- Artist
- Leonor Fini 1908–1996
- Original title
- Petit Sphinx hermite
- Medium
- Oil paint on canvas
- Dimensions
- Support: 411 × 244 mm
frame: 607 × 439 × 45 mm - Collection
- Tate
- Acquisition
- Presented by Tate Members 2011
- Reference
- T13589
Summary
Little Hermit Sphinx, despite its modest size, is one of Fini’s key works of the post-war period. It shows the open doorway of a decrepit and overgrown building, with peeling paintwork and abandoned furnishings. The scene is a disconcerting one. The threshold is occupied by an internal organ – which the artist identified as a human lung – suspended from the lintel and the sphinx of the title, sitting among leaves, bones, a bird’s skull and a broken egg shell. The sphinx wears a black cloak that parts to reveal her cat-like paw.
The themes of mortality and morbidity place Little Hermit Sphinx at the intersection between two sequences of Fini’s paintings. On the one hand, the thresholds of ruined buildings were later taken further in The Stair in the Tower 1952 and The Convent Door 1955 (both private collection, both reproduced in Civico Museo Rivoltella, Galleria d’Arte Moderna 2009, pp.144–5). Such openings, especially onto darkened or labyrinthine spaces, suggest what one scholar has described as ‘the fear of the unseen, of the unknown, of the future and of our fate within it’ (Annette Shandler Levitt, The Genres and Genders of Surrealism, New York 1999, p.101). On the other hand, much of the tension in Little Hermit Sphinx is generated by the presence of the sphinx itself, a figure that preoccupied Fini throughout the 1940s. This began with The Shepherdess of the Sphinxes 1941 (Peggy Guggenheim Collection, Venice). This imagery looks back to nineteenth-century symbolism and especially to the work of the Belgian painter Fernand Knopff (1858–1921). However, Fini located herself within a specifically female hermetic tradition of an originary and powerful Great Goddess. The art historian Whitney Chadwick has observed: ‘For Fini, woman is sorceress and priestess, beautiful and sovereign; by assuming the form of the sphinx she exercises all the powers that have been lost to contemporary woman’ (Whitney Chadwick, Women Artists and the Surrealist Movement, London 1985, p.188).

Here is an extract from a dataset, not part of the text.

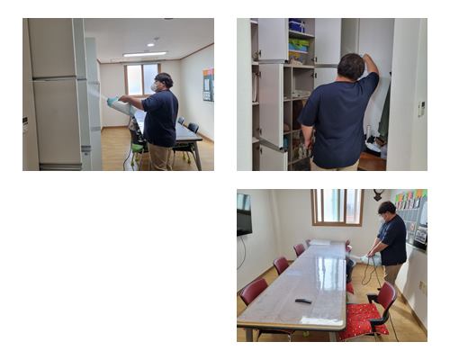 센터 내 교실, 화장실, 승강기, 사무실 등 소독을 하였습니다.

This empowerment of the feminine underlies all of Fini’s depictions of the sphinx, though it is somewhat muted in Little Hermit Sphinx that dates from the end of the sequence. Indeed, Chadwick identified this sphinx as a ‘sorceress and image of death’ (ibid., p.189). Recently this painting has been interpreted biographically, with Peter Webb linking the painting to Fini’s hysterectomy in late 1947: ‘Little Hermit Sphinx is a self-portrait that reflects Leonor’s state of mind after the trauma of her operation’ (Webb 2007, p.135). Having a horror of childbearing, the artist accepted the operation but was also willing to associate the broken egg shell with this loss. Her observation that she ‘painted a human lung … because of the beautiful pink colour’ (ibid. p.135) exacerbates the atmosphere of anxiety.

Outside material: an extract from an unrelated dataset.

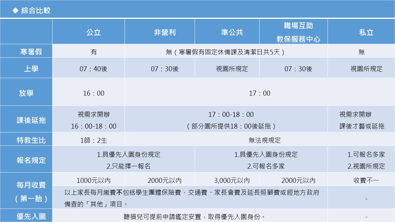 2. 收費:公共化及準公共幼兒園皆有每月收費上限,公幼乍看每月收費最少,但家長仍需考量寒暑假送托所延伸的額外費用,部分縣市已有提供公幼延拖獎勵辦法或規定,鼓勵學校開辦托育服務,建議家長可提前了解屬意的公立幼兒園是否有寒暑假托育的相關規劃。
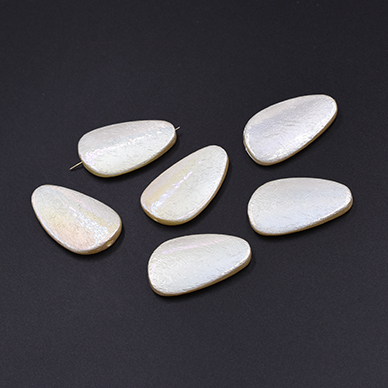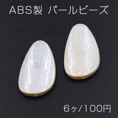 ABS製 パールビーズ 変形雫型 21×35mm AB彩 ベージュ【6ヶ】

Leonor Fini is remembered for the exoticism of her imagery and her challenges to convention and male domination. These concerns were conveyed through a precise, illusionistic style. She used an extraordinarily fine technique, especially in the late 1940s, to convey a decayed and decadent world parallel to the reality of post-war Europe. While she was close to the surrealist artists Max Ernst, Leonora Carrington and Salvador Dalí in the 1930s, Fini’s rejection of the movement’s orthodoxies – and especially a mutual antipathy for the leader André Breton – reinforced her independence. Nevertheless, there are connections. The precision of illusion recalls Dalí’s paintings, and the emphasis on a charged atmosphere in Little Hermit Sphinx is comparable to Dorothea Tanning’s Eine Kleine Nachtmusik 1943 (Tate T07346) and evokes what Fini acknowledged as the ‘mechanism of the dream’ (Gautier 1973, p.8).
Further reading
Xavière Gautier, Leonor Fini, Paris 1973.
Peter Webb, Leonor Fini: Metamorphoses d’un art, Paris 2007.
Leonor Fini: L’Italienne de Paris, exhibition catalogue, Civico Museo Rivoltella, Galleria d’Arte Moderna, Trieste 2009.